Vous êtes l’un des seuls en France à travailler avec des roller-frames : depuis quand utilisez-vous cette technique ?

J. A. : Il y a une quinzaine d’années, j’ai rencontré un revendeur pour la France d’écrans américains. Aux Etats-Unis, comme les sérigraphes ne disposent pas des mêmes structures, ils utilisent couramment ces écrans. Le fournisseur français a tenté de commercialiser cette technique dans l’hexagone, mais parce que trop complexe, elle n’a jamais rencontré de succès auprès des professionnels. En fait, les problèmes d’utilisation résident principalement dans le contrôle de la tension des écrans. Malgré toutes les difficultés, j’ai décidé de m’y intéresser de près, pressentant les avantages liés à ce mode de travail. Cela m’a demandé des années de perfectionnement mais je ne le regrette pas.

Quels sont les avantages du roller frame ?
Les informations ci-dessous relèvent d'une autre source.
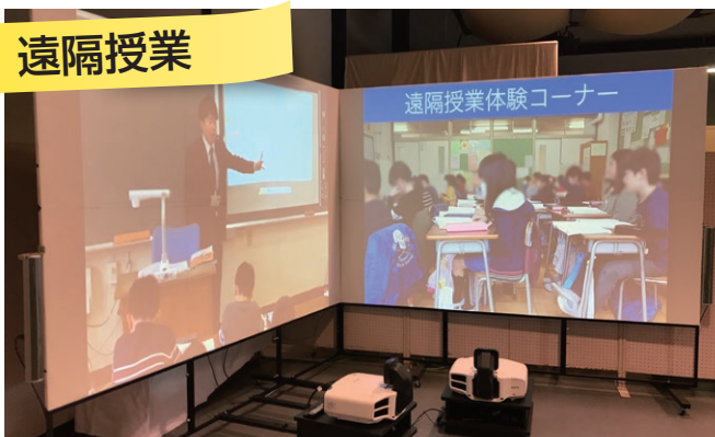
小規模学校と大規模学校をつなぐ遠隔授業

J. A. : Le roller frame permet de contrôler l’efficacité du pochoir. Pour obtenir un bon résultat en sérigraphie, il y a plusieurs paramètres qui entrent en jeu… mais ce qui est vraiment important, c’est la tension du tissu et la structure du fil utilisé. Chez AB-Séri, nous prenons notre temps, un ingrédient indispensable pour des sérigraphies de qualité : nous pouvons prendre plusieurs jours pour les réaliser et laisser le tissu (le polyester) se stabiliser. Au cours d’un tirage, si le tissu se détend, il est possible de le retendre pour qu’il retrouve sa position initiale; avec un écran standard c’est impossible.

Le roller-frame : pour quels travaux ?

J. A. : Chez AB-Séri, nous les utilisons essentiellement pour faire de la quadrichromie. Ils nous permettent d’imprimer sur la plupart des supports qui présentent une surface lisse. Pour les travaux d’aplat, les écrans classiques sont suffisants. La quadri fine reste le point fort du roller-frame.